A total of 36 BALB/c male nude mice, aged 5 to 6 weeks old, weighting (18 ± 2) g, provided by Animal Center of the Chinese Academy of Science (Beijing, China) were housed under controlled laboratory conditions. All animal experiments were approved by the Ethics Committee of Xiangya Hospital, Central South University. The mice were randomly divided into control group, CAFs-sEV/sh-NC group and CAFs-sEV/sh-N4BP2L2 group, with six mice in each group. The LoVo cells (5.0 × 106 cells/mouse, 100 μL) were treated with CAFs-sEV/sh-NC (50 μg/mL) or CAFs-sEV/sh-N4BP2L2 (50 μg/mL) and injected subcutaneously into the dorsal sides of mice. In the mice xenograft assay experiment, sEVs were injected into mice on day 1 and day 4, respectively. The control group of Mice xenograft assay was injected with equal amounts of LoVo cells. The tumor length and width were monitored every 7 days and the volume of tumor was calculated according to (length × width2)/2. After euthanizing on the 35th day, the tumor tissues of the mice were excised and weighed. Then the tissues were fixed with 10% formaldehyde. The paraffin sections were routinely made and rabbit anti-Ki67 antibody (Cell Signaling Technology, USA) was used for immunohistochemistry assay.

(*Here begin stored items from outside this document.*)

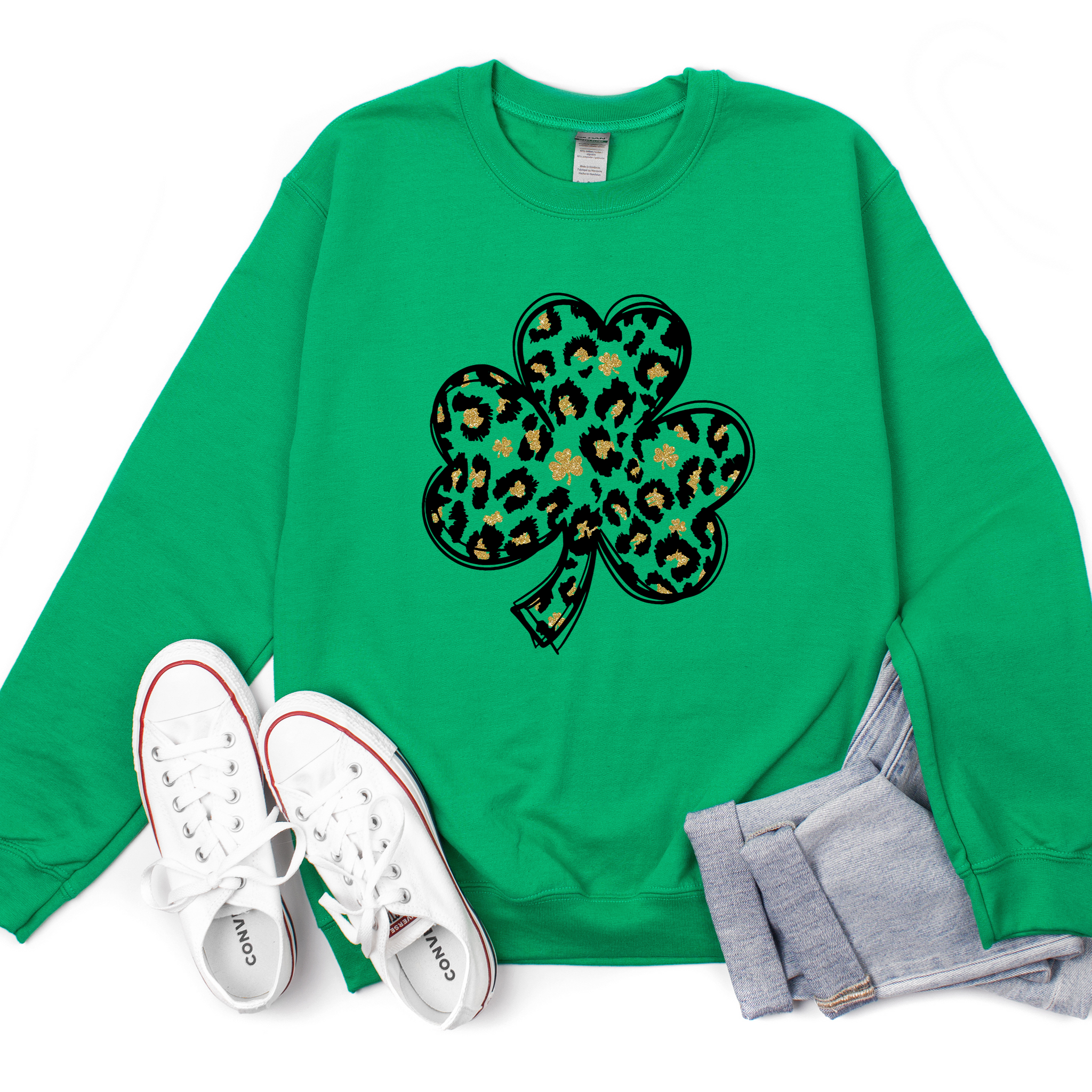Leopard Faux Gold Glitter Shamrock Tee OR Sweatshirt
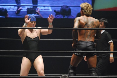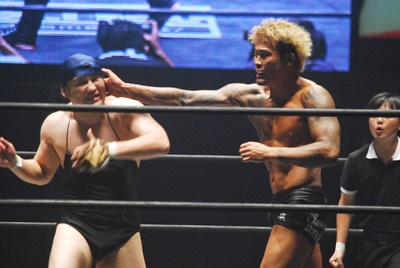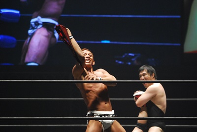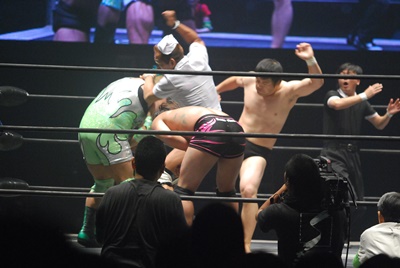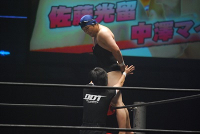 マイケルはヘンタイスライド(左写真)からアトミックドロップ、カウント2。佐藤にタッチ。
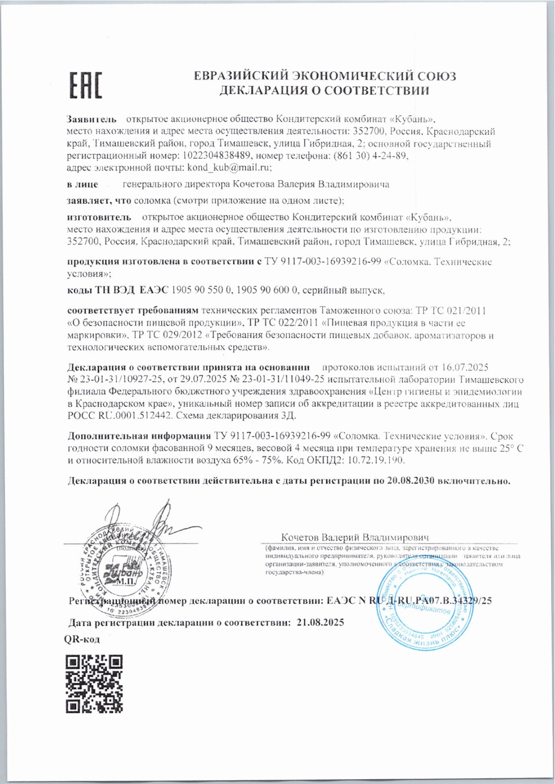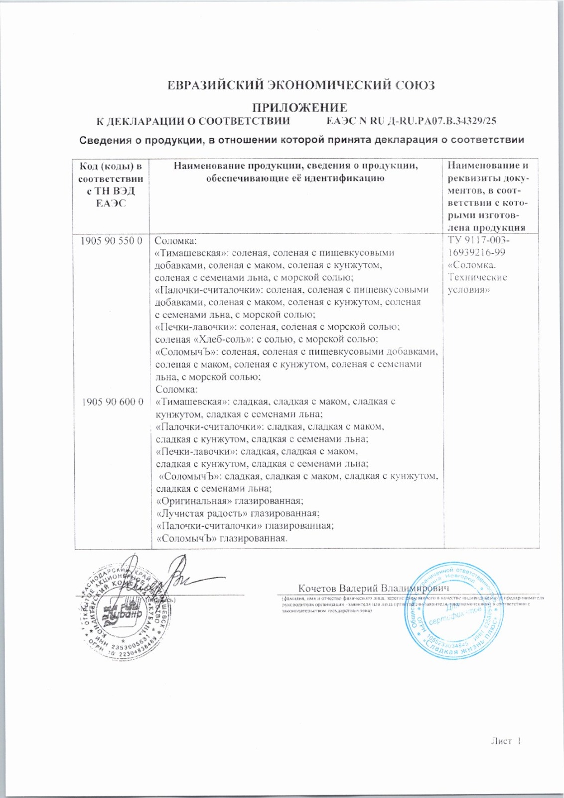 Состав: мука пшеничная (общего назначения, тип М75-23), инвертный сироп (сахар-песок, регулятор кислотности – лимонная кислота), масло растительное, соль поваренная пищевая «Экстра», разрыхлитель теста – гидрокарбонат аммония, дрожжи хлебопекарные прессованные, антиокислитель – пиросульфит натрия.

For detection of liver metastasis, the mice were injected with 1 × 106 cells with CAFs-sEV/sh-NC (50 μg/mL) or CAFs-sEV/sh-N4BP2L2 (50 μg/mL) treatment by tail vein. In the liver metastasis experiment, the mice were injected twice a week until the end of the experiment. After 42 days injection, the mice were sacrificed and liver metastasis of CRC cells was evaluated. The liver tissues were imaged and the numbers of metastatic nodules liver were counted. Meanwhile, the liver tissues were fixed with formaldehyde, embedded in paraffin, and stained with hematoxylin and eosin (HE) (Solarbio, China). The timelines of animal experiments were shown in Fig. S4B.

Western blot assay

Total proteins were extracted with the steps of the instructions of RIPA reagent (Beyotime, China); then, the protein concentrations were measured. The proteins were separated by SDS-PAGE, and electrically transferred to the PVDF membranes (Invitrogen, USA). The samples (30 μg for each sample) were blocked in 5% nonfat milk for 60 min. Subsequently, primary antibodies against α-SMA, FAP-1, FSP-1, CD9, CD63, p-GSK-3β, GSK-3β, HMGB3, GAPDH at 1:1000 dilution and β-catenin at 1:5000 dilution, all purchased from Abcam, USA, were incubated overnight at 4°C. Then the goat horseradish peroxidase-conjugated anti-rabbit IgG was applied. The electrochemical luminescence detection system was used to visualize immunoreactive bands as per the instructions. Each protein level is normalized to GAPDH level.

Quantitative real-time polymerase chain reaction (qRT-PCR)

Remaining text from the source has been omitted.